Required Professional Development

Teaching

The faculty of the Department of Materials Science and Engineering considers teaching experience to be an important part of a doctoral student’s program of study and requires that all graduate students pursuing a PhD serve at least one semester as a graduate student instructor (GSI) in an MSE course (usually after the first year).

Seminar

All graduate students are required to enroll (MAT SCI 298-Sect 1) and attend the weekly department colloquium series.

Master's Degree Requirements (MS)

Unit Requirements

There are two plans for the master of science degree.

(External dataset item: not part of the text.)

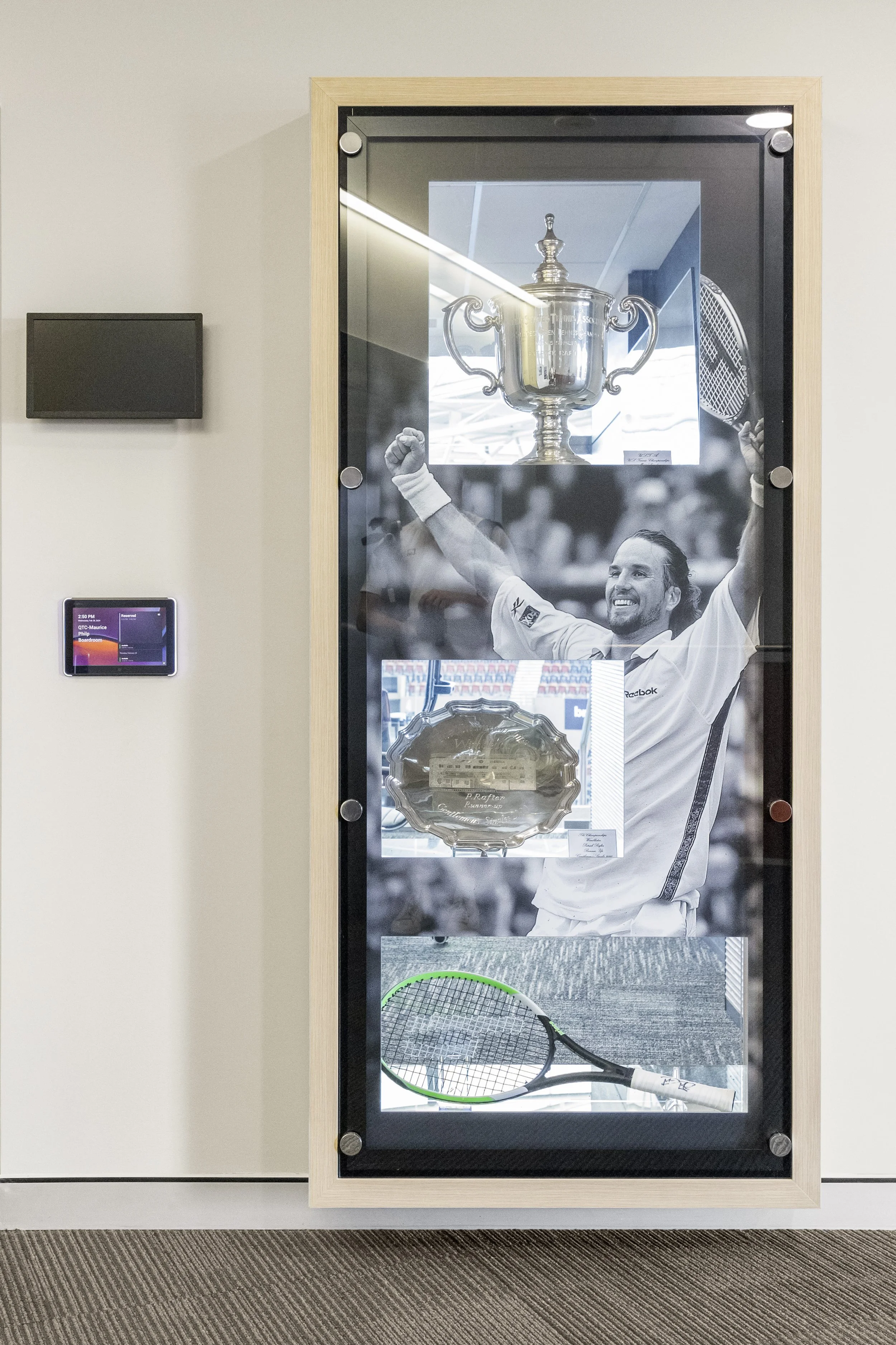 To enhance the functionality of the suite, an operable wall has been installed as part of the upgrades. This addition allows for the space to be opened up, extending the adjoining area, especially beneficial for events like the Brisbane International hosted by QTC. Careful attention has been paid to the aesthetics of these upgrades. Notably, the operable wall features a tennis ball detail on the interior, adding both functional and aesthetic relevance to the space.

Plan I requires a minimum of 20 semester units are required, of which at least 8 must be strictly graduate units in the major subject (University requirement), and of these 8, there shall be no more than 2 units of credit for MAT SCI 299 while the remaining units must be graded course units. The remaining 12 units may be upper division or graduate courses proposed by the student and research supervisor and approved by the major field adviser.

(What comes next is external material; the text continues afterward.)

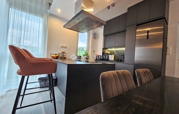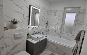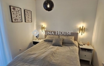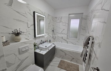 Eladó újszerű kertvárosi lakás, saját parkosított kertkapcsolattal!!!!!Pécs egyik csendes, zöldövezeti részén kínálunk megvételre egy 2023-ban átadott 92 m²-es földszinti lakást, amely minden igényt kielégítő belső kialakítással és kivételes külső adottságokkal rendelkezik.Kertkapcsolat és extra területekA lakáshoz tartozik egy 240 m²-es kizárólagos használatú, parkosított kert, benne egy könnyűszerkezetes, 10 m²-es kisházzal ideális tárolónak vagy hobbihelyiségnek.Két kényelmes terasz, mindkettő beépített, kinyitható árnyékolóval.A kertből kiskapun keresztül is eljuthatunk a két autóbeállóhoz, melyek közvetlenül a lakás előtt helyezkednek el.Belső elrendezés 3 hálószoba Tágas nappali-konyha-étkező egy légtérben 2 igényes fürdőszobaPrémium felszereltség FAP olasz hidegburkolatok Hansgrohe falba süllyesztett csaptelepek Blanco gránit mosogató és csaptelep a konyhában Minőségi német konyhabútor kompakt munkapulttal, konyhaszigettel Új, elektromos fehér alumínium redőnyök minden ablakon Hőszivattyús padlófűtés + fancoil hűtés a kellemes klímáért egész évben Alacsony rezsiköltségek, energiahatékony, és letisztult, igényes belső terek.Elhelyezkedés szempontjából is ideális:A belváros autóval mindössze 7 perc, de a tömegközlekedés is kiváló. A mindennapi ügyintézéshez szükséges szolgáltatások csupán egy percre találhatók: Tesco, Rossmann, gyógyszertár, minden gyalogosan is gyorsan elérhető.

Plan II requires a minimum 24 semester units is required, of which at least 12 must be strictly graduate units in the major subject, and of these 12 units, there shall be no more than a total of 2 units of credit MAT SCI 299. The remaining 12 units may be graded upper division or graduate courses approved by the major field adviser.

Curriculum

Courses Required
Thermodynamics:
MAT SCI 201AThermodynamics and Phase Transformations in Solids4
Structure & Bonding:
MAT SCI 201BThermodynamics, Phase Behavior and Transport Phenomena in Materials4
MAT SCI 202Crystal Structure and Bonding3-4
or MAT SCI 215 Computational Materials Science
Materials Characterization:
MAT SCI 204Materials Characterization3-4
or MAT SCI 241 Electron Microscopy Laboratory
Select one of the following in Materials Properties:3-4
Defects in Solids [3]
Deformation and Fracture of Engineering Materials [4]
Environmental Effects on Materials Properties and Behavior [3]
Properties of Dielectric and Magnetic Materials [3]
Semiconductor Materials [3]
Magnetism and Magnetic Materials [3]
Thin-Film Science and Technology [3]
Polymer Surfaces and Interfaces [3]
Surface Properties of Materials [3]
Select one of the following in Materials Processing:3-4
Metals Processing [3]
Macromolecular Science in Biotechnology and Medicine [4]
Semiconductor Materials [3]
Magnetism and Magnetic Materials [3]
Thin-Film Science and Technology [3]
Polymer Surfaces and Interfaces [3]
Electives - for remaining units required (20, Plan I; 24, Plan II)5-9

Capstone/Thesis (Plan I)

A thesis is required. The research topic and research supervisor must be specified in the program of study form.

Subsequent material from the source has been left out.